Joseph casually mentioned the reason for a colleagues’ non-attendance at a meeting. Most likely the person had a flu-like symptoms: a high fever, vomiting, sweating and shivers, muscle aches and pains, diarrhea. Malaria? It’s hard to tell without a blood test.  A rapid-response blood test can identify the presence of the malaria-causing parasite in humans. Treatment is a three-day dose of twice-a-day medication.

Ghanians say “he has malaria” as often as Americans say “he has the flu” each winter. Except malaria is not seasonal. It’s caused by mosquitoes infected with the Plasmodium parasite.  In hot-humid tropical climates, mosquitoes breed and feed on human blood year-round.

Malaria can cause serious, long-lasting health problems, even death. In 2010, 90% of all malaria deaths occurred in Africa; almost 600,000 children died. Every minute, a child dies from malaria.

Scary facts from WHO (World Heath Organization).

My nephew’s wife had malaria when she was pregnant.  She had high fever. Convulsions – shaking all over. We tried to get her to go to the doctor. She wouldn’t go. Her baby was stillborn.

Pregnant women are at greater risk for getting malaria and at high risk of dying from the complications of severe malaria. Malaria can cause spontaneous abortion, premature delivery and stillbirth. Preventive malaria treatment is available for moms-to-be in high-risk areas like Ghana. 

Kofi’s daughter was three years old. She had a fever – a high temperature. Malaria. She died painfully.

Early diagnosis and prompt treatment of malaria could have prevented her death.

It’s easy to ignore the symptoms.

It’s just a fever. It’ll go away.

But malaria doesn’t go away without medical treatment.

Preventing malaria is easy. The female Anopheles mosquito that carries the Plasmodium parasite is most active at dusk or at night. Wearing long sleeves outside in the evening and sleeping under a net treated with a long-lasting insecticide minimizes the chances of being bitten by an infected mosquito.

Bed nets have been widely distributed across Africa. Most people in Jumbo have bed nets and say they use them. I recently saw a newborn napping outside – protected from mosquitoes and flies by a rectangular self-supporting net enclosure that looked like something used to keep flying insects away from a outdoor potluck meal. 

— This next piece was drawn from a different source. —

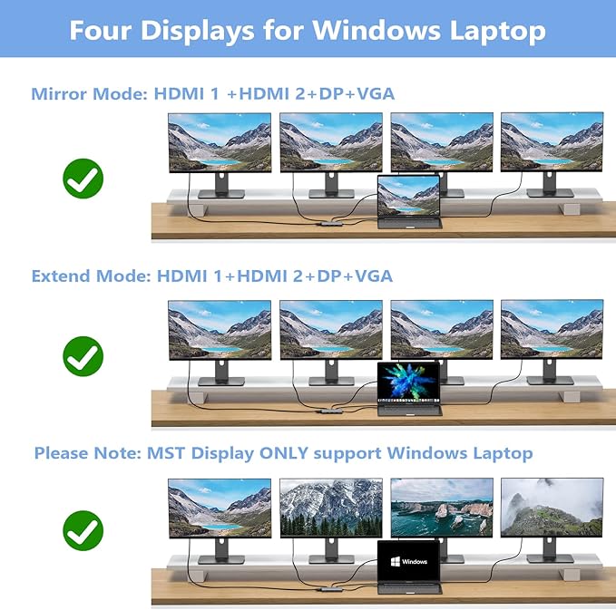 - Docking Station 4K Display Adapter: The Laptop Docking Station with 4 video output ports: 2 HDMI+DP+VGA, can output up to 4K Dual/Triple Display videos; For quadruple display Dual HDMI, DP, and VGA all are 1080@60Hz. Please make sure your laptop specification support DP1.4 signal output. If the VGA port is connected, it will affect the resolution of all displays up to 1080P only
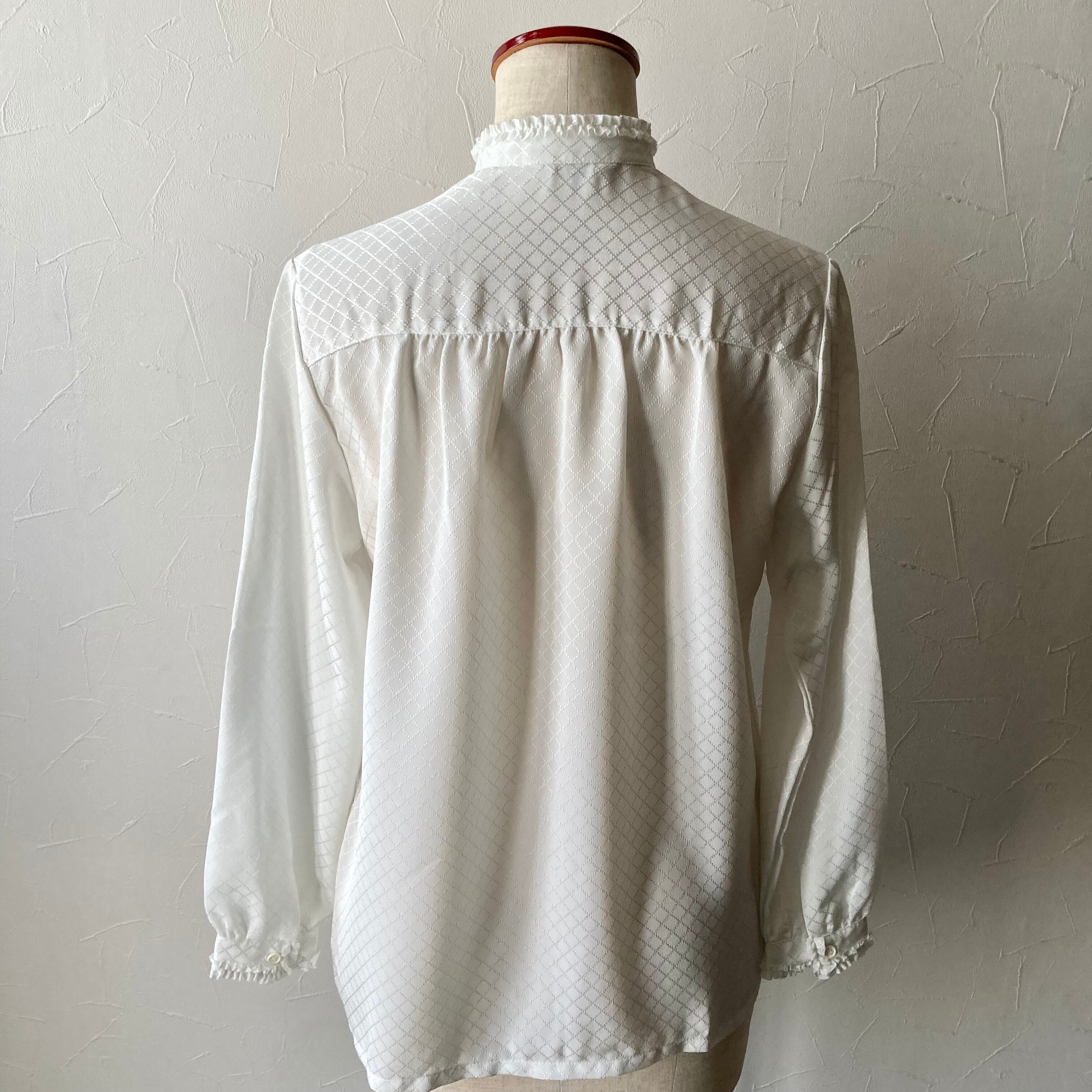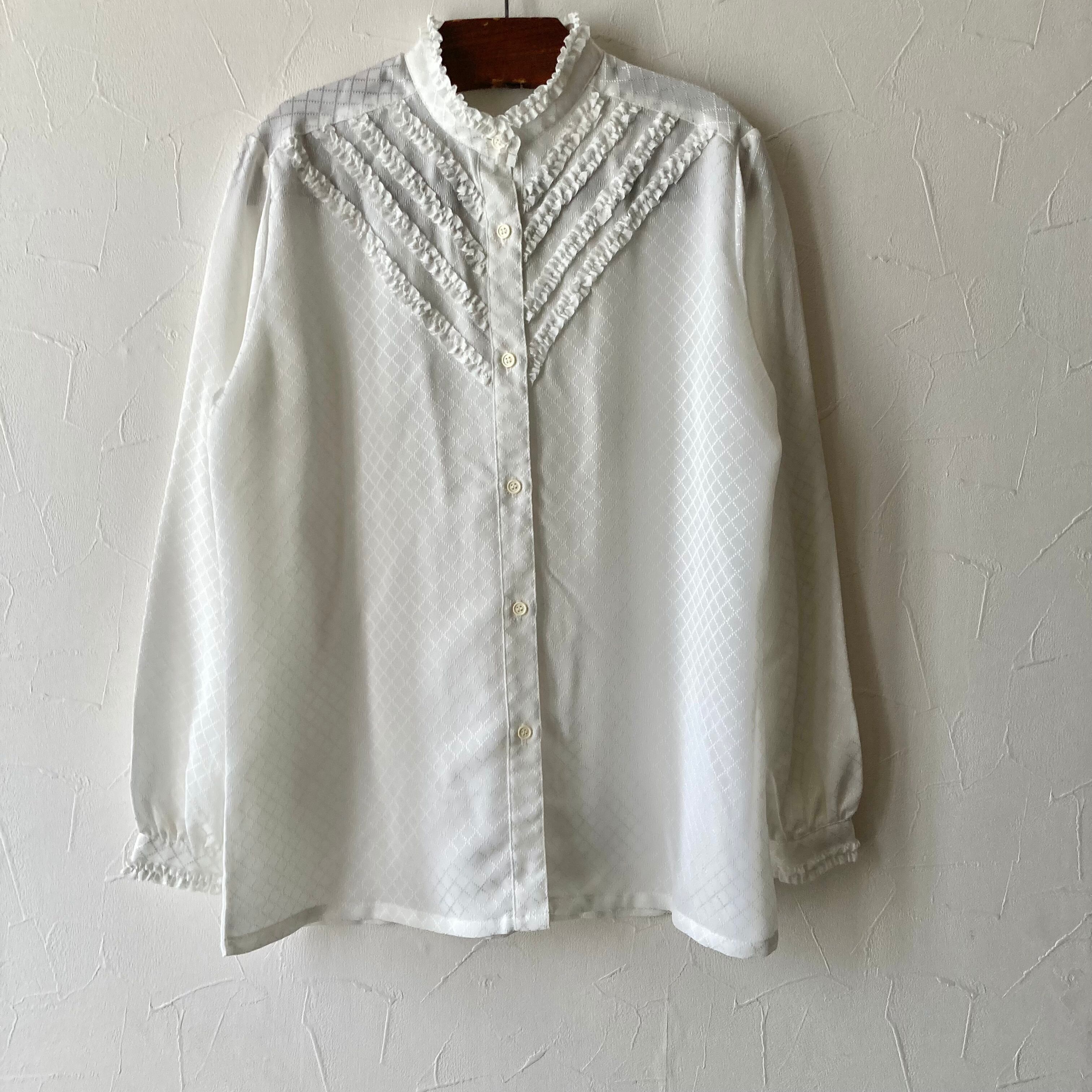 クシュクシュしたレースが首胸袖に装飾されたレトロブラウス。

All Peace Corps Volunteers in Ghana receive bed nets. I feel like a princess sleeping under my white canopy net every night. PCVs also take a preventative medication. I take my weekly anti-malaria pill on Saturday night; the major side effect is incredibly vivid dreams each Tuesday night. Although several PCVS have gotten malaria, I’m still malaria free.

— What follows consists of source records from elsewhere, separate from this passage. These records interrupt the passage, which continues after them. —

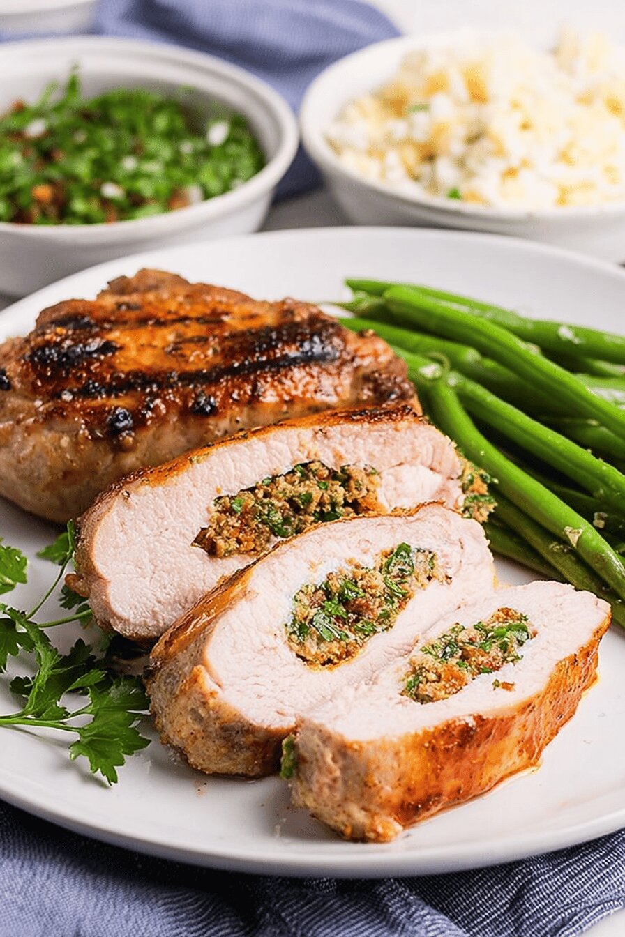 Bistecas suínas salgadas em salmoura leve para garantir suculência. Recheadas com uma mistura de manteiga, alho, farinha panko, queijo parmesão, ervas italianas, páprica defumada e pimenta do reino. Grelhadas em fogo médio-alto, cozimento indirecto para evitar queimar o recheio e manter suculência. Temperos secos combinados antes, pasta cremosa para o recheio. Dica de descanso para uniformizar sucos e finalizar com parmesão ralado e salsinha fresca. Substituição do queijo parmesão por queijo coalho para toque nacional. Tempo ajustado para 6-7 minutos lado na grelha, garantindo textura firme porém macia.
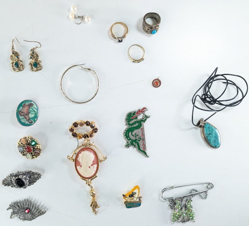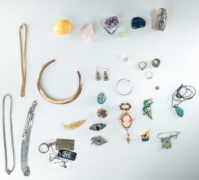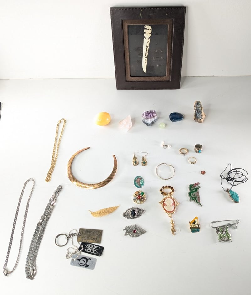 ASSORTED JEWELRY AND DECORATIONS.Item Size: Height: 1cm, Width: 1cm, Depth: 1cm, Weight: 1KgStones, Crystals, Rings, Earrings, Necklaces, Pins And Framed 'Ivory' Letter Opener.Condition: Good - Refer To ImagesFC2C163026+10
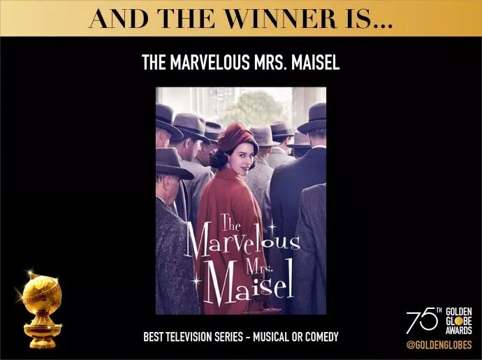 《了不起的麦瑟尔夫人》获得第75届金球奖音乐/喜剧类最佳剧集,今晚赢得第二个。

And you might be curious about the title. BAMM?  You were perhaps expecting a collision or a gun-shot story.  But, no. In honor of World Malaria Day, I’m joining many PCVS in Blogging About Malaria Month – adding facts to the quotes I’ve heard in Ghana.

I hope you learned something. I hope you and your loved ones stay malaria free. I hope I never hear your version of the words spoken by my Ghanaian friends.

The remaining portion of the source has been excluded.